A girl awakens in a strange city where all the denizens are around her age and are adorned with charcoal-colored wings. Is this the afterlife, or something even stranger and more complex? This mysterious and beguiling show, like Lain, has been a source of endless fascination and theorization since its original release, but was out of print for years due to Geneon's collapse and restructuring.
Delayed repeatedly no thanks to production problems and the demise of distributor Geneon, the vampires-vs.-Nazis shoot-'em-up Hellsing Ultimate OVAhad become a latter-day Holy Grail for anime fans. FUNimation's dual-format (BD/DVD) reissue restores volumes 1 through 8 of this adaptation of Kouta Hirano's ultra-violent manga to the land of the living, and was well worth the wait. As a bonus goodie, we got a separate reissue of the TV series edition of the story, which had also lapsed from print. Now let's see the rest of the OVA sometime before the end of this decade, too.
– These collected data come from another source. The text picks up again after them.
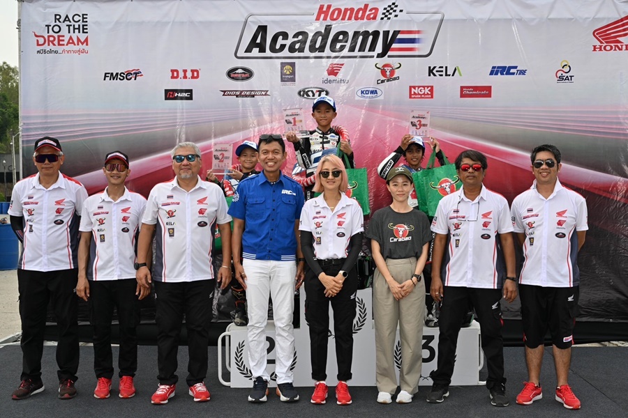 ก่อนที่ น้องมะมาย-ปองคุณ หมายเลข 6 จะเบียดคว้าชัยชนะเรซแรกไปครอง ตามด้วย น้องไอโฟน-จิรภัทร หมายเลข 2 และอันดับ 3 บนโพเดียมตกเป็นของ น้องแจ๊ค-แจ๊ค โอคลีย์ หมายเลข 4 ในการแข่งขัน ฮอนด้า อะคาเดมี่ 2023 สนามแรก เมื่อสุดสัปดาห์ที่ผ่านมา ณ สนามพีระคาร์ท พัทยา ที่ลงประชันฝีมือด้วยรถแข่ง Honda NSF100 โดยลงทำการแข่งขันกันทั้งสิ้น 2 เรซ
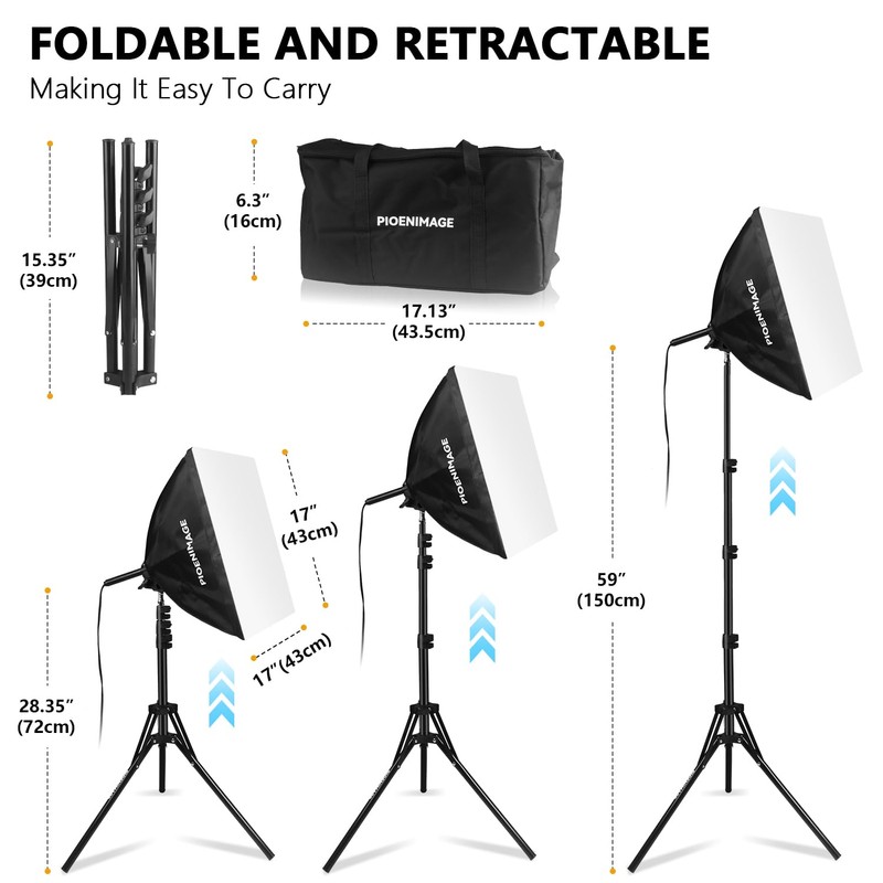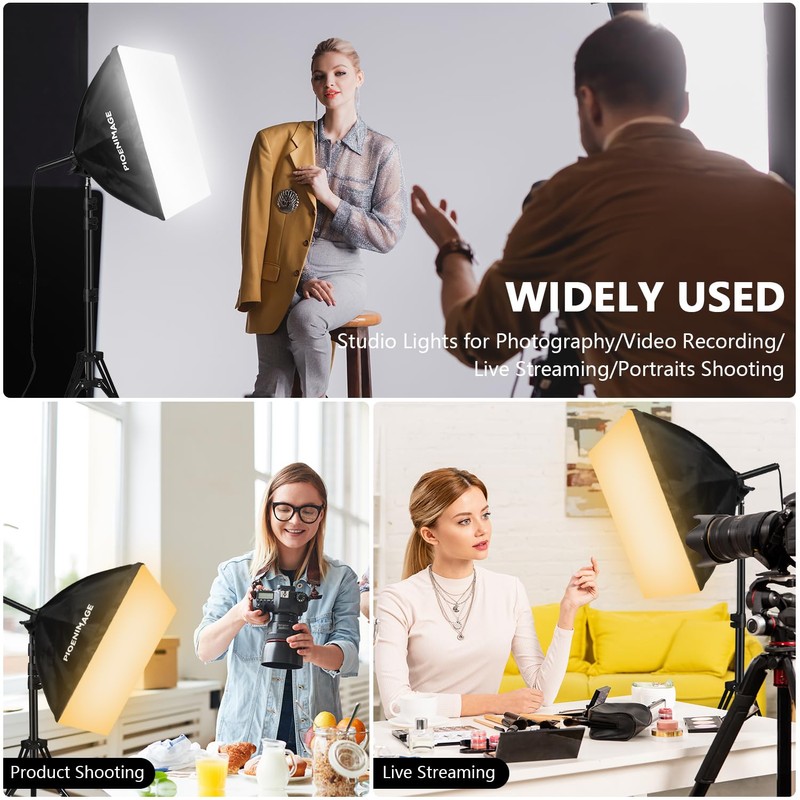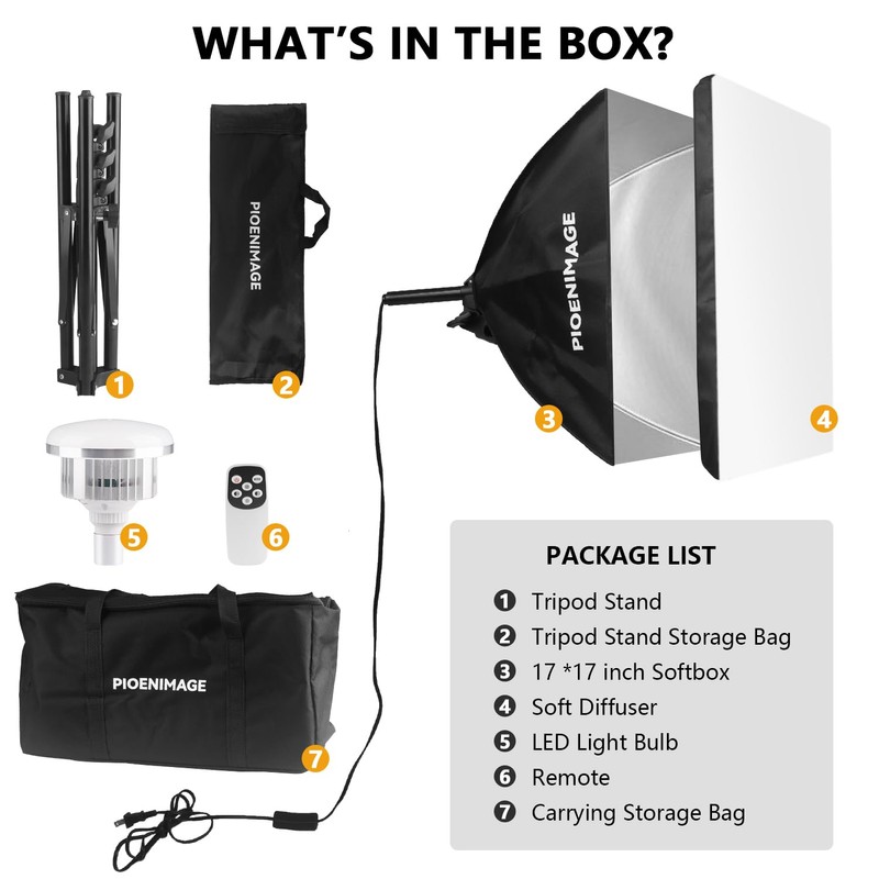 PIOENIMAGE Softbox Photography Lighting Kit, Soft Box Lighting Set with 17in x 17in Softbox, Folding Lighting Tripod, 85W 2700K-6500K LED Bulb, Remote, Studio Lights for Photography, Video Recording
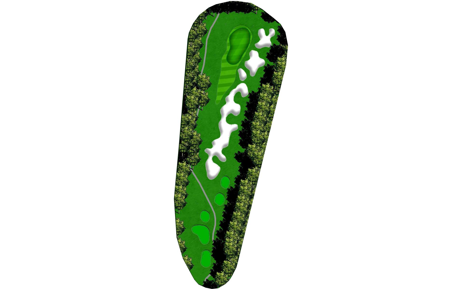 The ideal ball flight off the tee on this par 5 is slightly left-to-right. There’s a split fairway that’ll help with a wayward shot for those going for the green in two. Another pot bunker, as well as a false front, protects this undulated green.
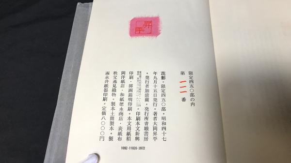 007『著者署名サイン入り 花影』●限定450部のうち111番
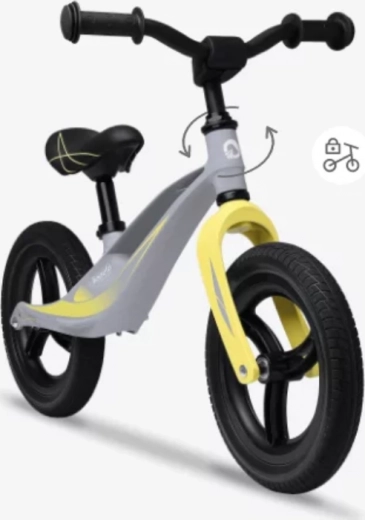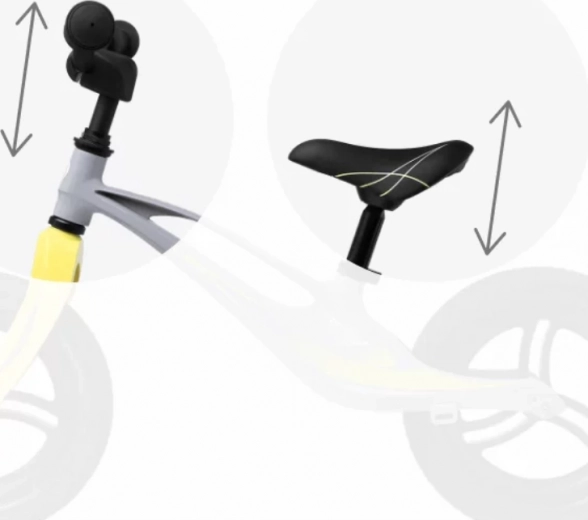 Blokada krmiljenja omejuje kot zasuka, nedrseči ročaji ščitijo roke, mehki ščitnik na krmilu pa duši udarce. Nastavljiva višina sedeža in krmila raste skupaj z otrokom.
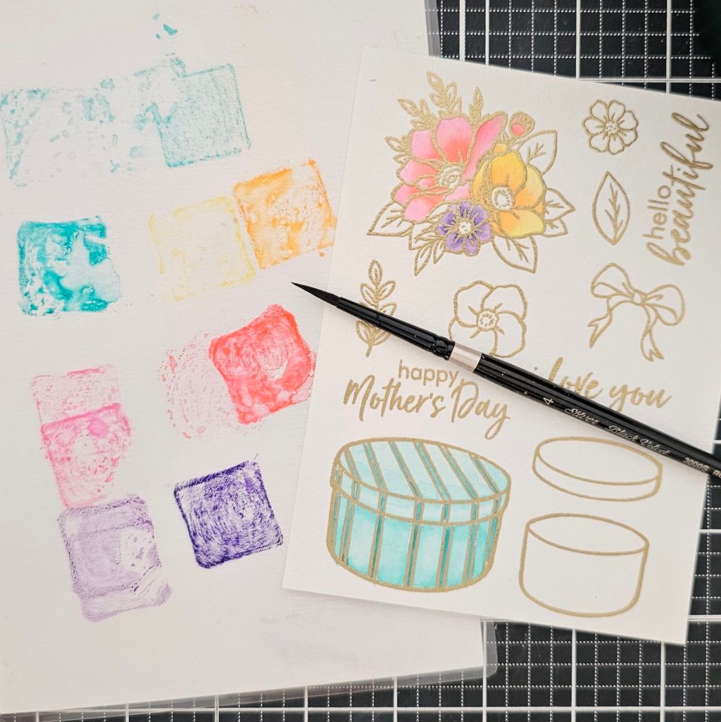 The ink colors I used for the images were namely, Taffy & Creamsicle for the biggest flower & the ribbon, Lemon Drop &  Creamsicle for the medium flower and Lilac & Purple Galaxy for the smallest flower. The leaves were painted with Key Lime Fizz & Green Apple, the hat box with Pool Party. Then I used colored pencils in the darker shades to add depth to the images.
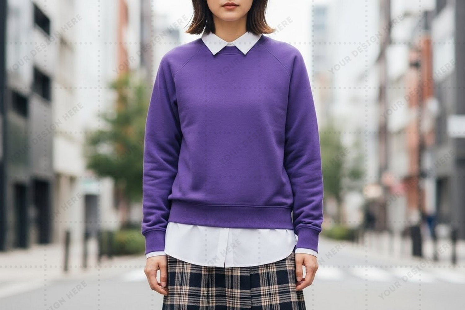 Violet sweatshirt with white collar mockup
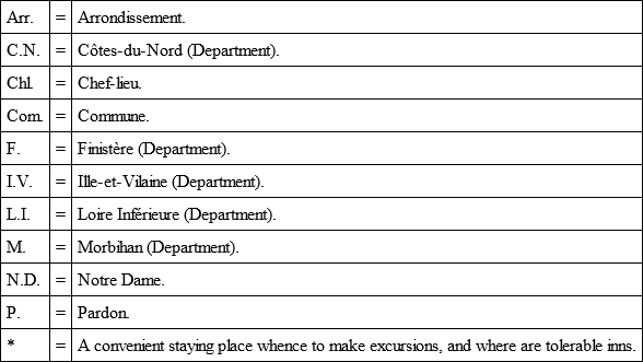 Less details have been given relative to the Department of Ille-et-Vilaine, at least as to certain portions of it which do not offer much of interest to encourage a visit, and with regard to Loire Inférieure only the truly Breton region of Guérande and S. Nazaire has been included.
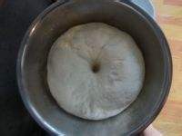 用手指在面团上插个洞,不回缩就是发好了。将发酵好的面,排气揉成光滑的面团。
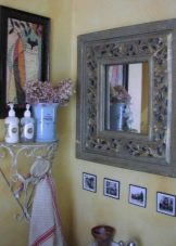 Successfully emphasize the right atmosphere rare bottles, boxes and soap dishes. Despite the fact that a lot of them should not be, design should be approached responsibly. The Provencal-style mirror can be large, decorated with a wooden frame with elaborate carvings. It’s great if the baguette seems old.
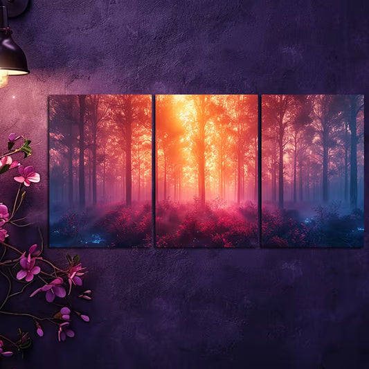 3pcs Vibrant Foliage and Sunlight Effect Wall Art Set Canvas Framed 60x90cm - High Quality Print 100% Australian Made Wall Canvas Ready to Hang
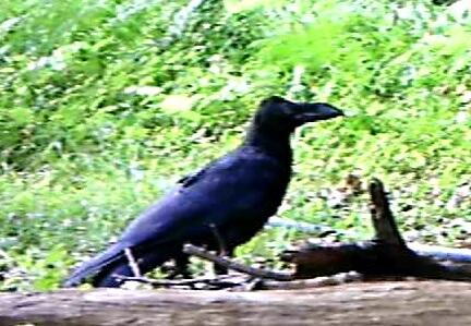 右:ハシブトガラス わがもの顔で水場を占領するギャング。くちばしが太いのでハシブト。
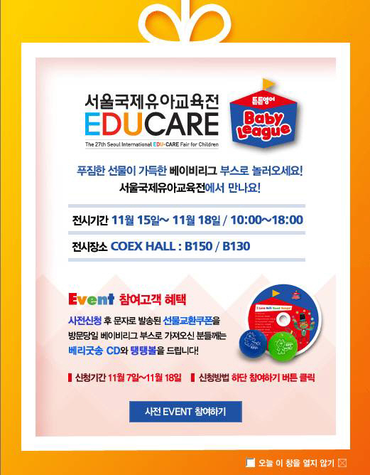 ㈜튼튼영어 부스 현장에는 학부모와 아이들의 활발한 방문 유도를 위한 다양한 이벤트가 준비되어 있다. 튼튼영어 홈페이지(www.tuntun.com)에서 사전이벤트를 신청한 5~7세 아이들 및 학부모에게는 2013년 캘린더와 '튼튼영어주니어' 체험교재를, 영유아 영어놀이프로그램인 베이비리그 홈페이지(www.ebabyleague.com)에서 사전이벤트를 신청한 4세 미만 아동의 부모에게는 베리굿송CD와 탱탱볼을 증정한다. 또한 부스에서 영어교육 상담을 받은 모든 고객에게 자녀 연령대에 맞는 체험교재와 CD, 초대형 부직포 가방을 제공한다.
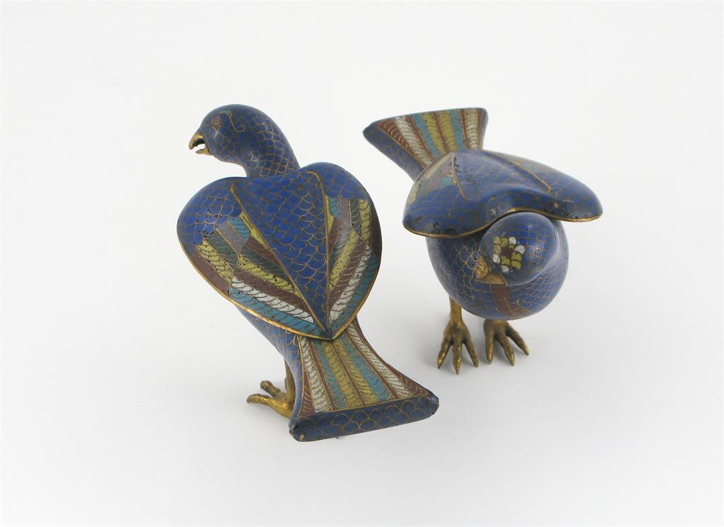 An unusual pair of Chinese cloisonné birds
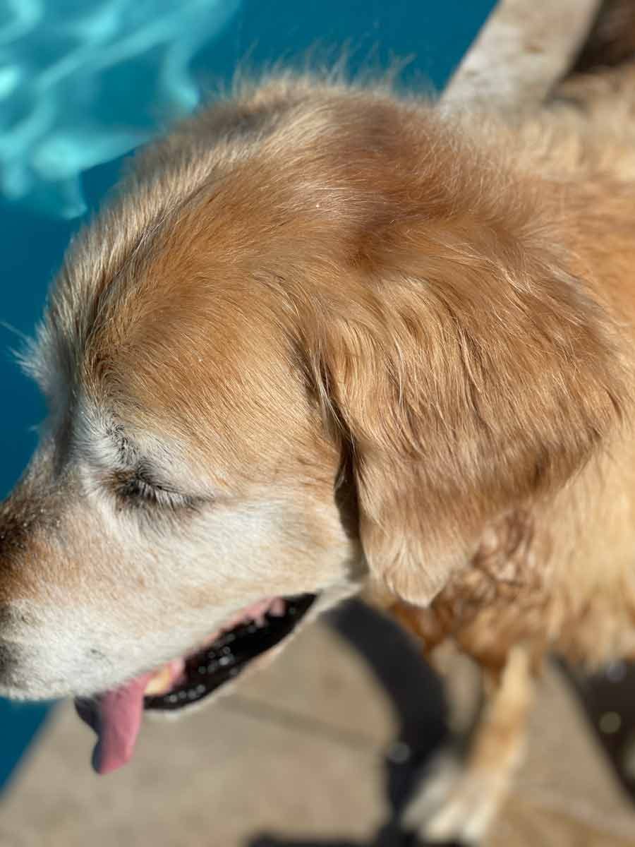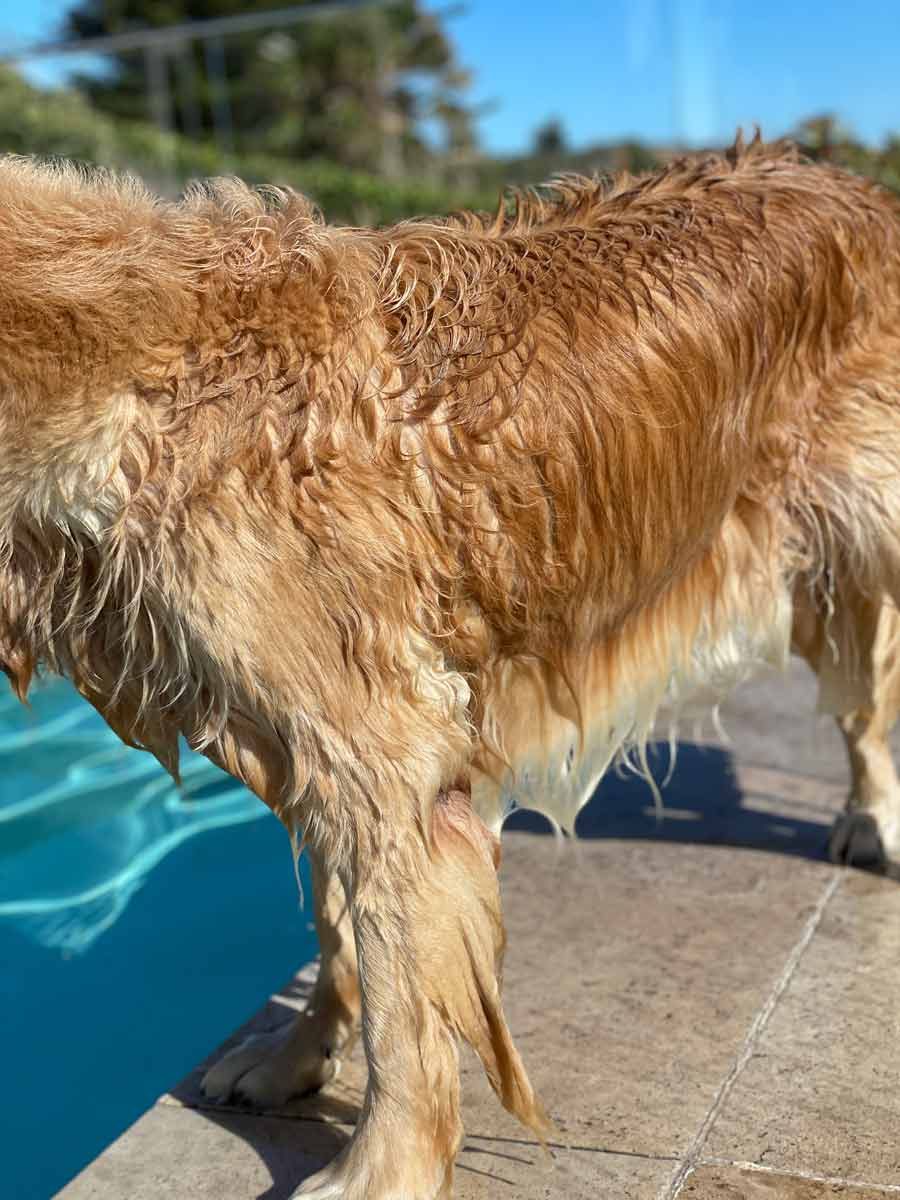 I find it quite amusing that he can spend hours in the pool or at the beach and his furry golden head remains fluffy and dry while the rest of him is saturated.

Old-school fans were in for a treat this year when Discotek released the Lupin III TV series for the first time. Aside from being a classic title -- the (mis)adventures of Japan's most notorious thief -- the show comes with some pretty hefty credentials, as many of the episodes were directed by none other than Hayao Miyazaki himself.
A goofy science-fiction farce that takes the "teamwork!" and "heroism!" aesthetics of mecha and giant-robot anime and stands them on their heads. E.g.:the hero's a cook, not a pilot, but his very reluctance to be a fighter makes him even better for the job than he himself anticipates. Many jabs (albeit loving ones) at anime culture throughout make the show all the more enjoyable for experienced fans. The new Nozomi reissue contains the whole TV series, a bonus OVA, and the not-well-received motion picture Prince of Darkness; it's the show itself that's the main attraction here anyway. Bonus points awarded for including the splutteringly funny English dub.
10. Ninja Scroll
If there was one anime title that could be found in most any video rental store during the Nineties, it was (apart from Akira) Ninja Scroll. Violent, gory, disturbing, it was also an eye-opening example of how anime could offer possibilities to Western viewers they'd never beheld before. The 2012 DVD and BD reissue from Sentai Filmworks are made from an entirely new high-definition master and show off the film in better shape than ever.
Easily the ultimate cyberpunk anime (well, save possibly for Armitage III), Lain has fascinated, baffled, and enraged since it roared into the consciousness of both Eastern and Western fans back in 1998. Now it's been completely restored from all its original picture elements for a high-definition release -- a major undertaking detailed in the accompanying booklet -- and despite a few dated elements in the show's visual design, it's still just as loaded with ideas, meaning and possibilities as ever.
12. Tenchi Muyo!
Technically this isn't any one title, but rather the whole galaxy (pun intended) of titles pinioned by the general label Tenchi Muyo!: the original OVAs, the theatrical films, the Tenchi Universe TV series, and many more. A great slew of them came back into print thanks to FUNimation this year -- some even in genuine HD remasters, a major plus -- and all were welcome. This was one of the first shows to define the "harem anime" aesthetic, and it's still one of the best, thanks to its slapstick-meets-SF flavor, cheeky attitude, and sprawling cast.